Даже Делакруа, намечая в своем дневнике проблемы колорита в живописи, оспаривает доводы Шопена и ссылается на многие примеры применения метода живописности пианистами: «Зачем в фортепиано пользоваться по очереди то заглушёнными звуками, то ярко сверкающими (éclatants), как не для того, чтобы укрепить выражаемую идею? Следует порицать звучность, подставляемую взамен выражаемой идеи, и еще необходимо признать, что в некоторых звучностях есть чувственное наслаждение, совершенно независимое от душевной экспрессии. Вспоминаю, что голос певца холодного и лишенного дара выразительности вызывал невероятное очарование одним только издаванием звука. Так же и в живописи…» Конечно, и в звучаниях шопеновской музыки всегда присутствует чувственная прелесть, помимо эмоциональной выразительности.

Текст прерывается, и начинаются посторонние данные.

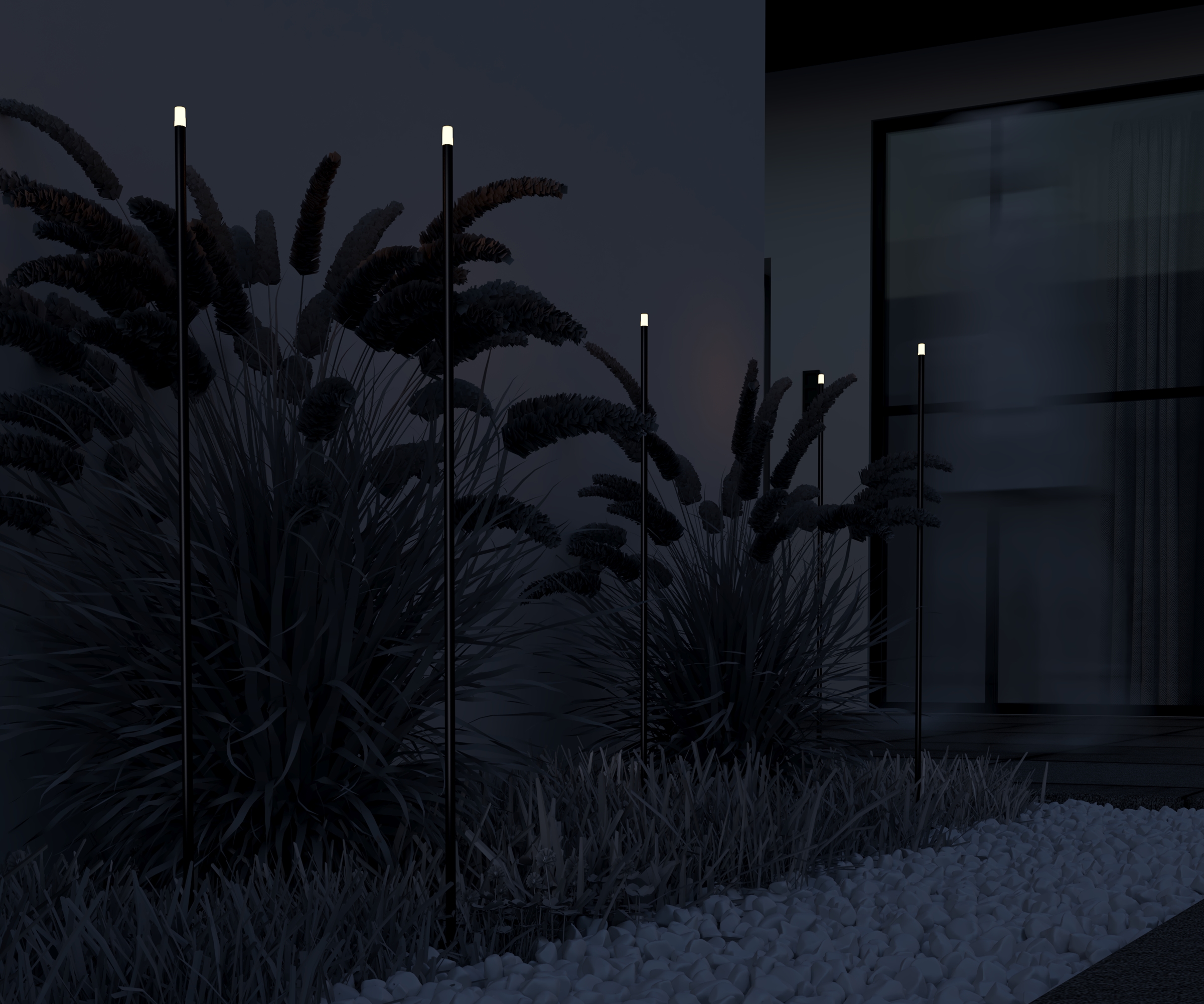 Металлический корпус, цвет - графит. Белый акриловый рассеиватель. Узкий цилиндрический светильник для подсветки растительных насаждений - цветов, кустарников, деревьев, газонов. Установка в грунт. Возможность подключения нескольких светильников к одному источнику питания. LED-источник света, цветовая температура - 3000К. Степень защиты - IP65. Питание 24В.

Проблема голосоведения, обусловленного колоритом звучаний, не менее важна для уяснения значения творчества Шопена для современности, чем затронутые мною ранее вопросы о природе и свойствах шопеновской интонации и об органическом строении его формы. Поэтому я позволю себе закончить свою работу эпизодом, рассказанным Жорж Санд, касающимся как раз данной проблемы о музыкальном колорите и выразительно суммирующим все, что хотелось бы в заключение высказать о шопеновской музыке-поэзии. Делакруа излагает за обедом теорию рефлексов : «Шопен слушает, расширив глаза от изумления… Делакруа делает сравнение между тонами живописи и звуками музыки; он сравнивает гармонию, сродство музыкальных тонов и модуляции — с рефлексами и гармонией красок. Разговор доходит наконец до вопроса о рефлексах рефлексов. Шопен вертится на стуле. — «Дайте мне вздохнуть, — говорит он, — прежде чем вы перейдете к рельефу. Довольно пока и рефлекса! Это остроумно, это ново для меня, но это немножко алхимия!» — «Нет. — говорит Делакруа, — это чистая химия. Тоны можно слагать и разлагать…»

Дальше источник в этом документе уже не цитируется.